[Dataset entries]

__________

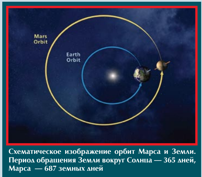
Схематическое изображение орбит Марса и Земли. Период обращения Земли вокруг Солнца — 365 дней, Марса — 687 земных дней

Как видим, аргументация сторон серьезная, и принять пра-
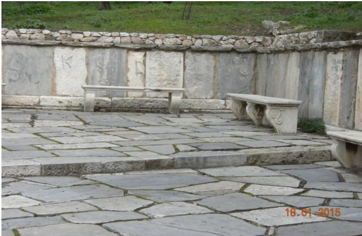
Η αρχή του μονοπατιού προς την είσοδο του αρχαιολογικού χώρου της Ακρόπολης

Η όλη περιοχή, που ανατέθηκε στον Πικιώνη προς διαμόρφωση, είναι περίπου 80.000 τ.μ., περίπου το 13% του συνόλου των ανοιχτών χώρων γύρω απ' την Ακρόπολη, εξαιρούμενων των περιφραγμένων αρχαιοτήτων. Η όλη ιδέα, δεν ήταν ιδέα αναπαλαίωσης ή αρχιτεκτονικής αναβίωσης του παρελθόντος, ούτε μίμηση αυτού. Ήταν έργο σύγχρονο, για την εξυπηρέτηση των τότε αναγκών και ως εκ τούτου εκφράζει τον τόπο και το χρόνο της δόμησης της. Εμπνευσμένο από την παράδοση: αρχαία, βυζαντινή, λαϊκή, σύγχρονη, και πλασμένο με πλούσια φαντασία. Είναι γνωστό από την εποχή που κτίστηκαν τα Προπύλαια, ότι το λειτουργικό έργο υποτάσσεται στο μνημειακό . Γι' αυτό και ο Πικιώνης ήθελε να δώσει σεμνή έκφραση στο έργο του και να το υποτάξει στο τοπίο και την ιστορία του. Εφάρμοσε αρχιτεκτονικά τις γωνιακές χαράξεις από το πλακόστρωτο της αυλής του Άγιου Δημήτριου του Λουμπαρδιάρη και του Άνδηρου θέας προς την Ακρόπολη, στη ράχη του Φιλοπάππου και προσπάθησε να προσεγγίζει τις ερμηνείες των αυθεντικών περί αρμονίας διατυπώσεων των πυθαγορείων και ιδιαίτερα του μαθηματικού της αρχαιότητας Νικόμαχου, στους οποίους βάσιζαν όλοι οι σύγχρονοι ερευνητές τις θεωρίες τους.
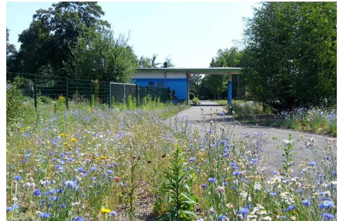
E.NWzW-Wildwiesenmeer Magistrale Vogelheim
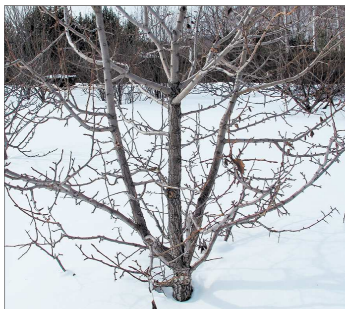
Чаще всего у деревьев поражается та часть, что граничит со снежным покровом. Именно там скапливался зимой самый холодный воздух

__________

After dropping the pictures, reproduce exactly the lines from the first line of the entries through the line containing "Η αρχή του μονοπατιού", both included.

Схематическое изображение орбит Марса и Земли. Период обращения Земли вокруг Солнца — 365 дней, Марса — 687 земных дней

Как видим, аргументация сторон серьезная, и принять пра-
Η αρχή του μονοπατιού προς την είσοδο του αρχαιολογικού χώρου της Ακρόπολης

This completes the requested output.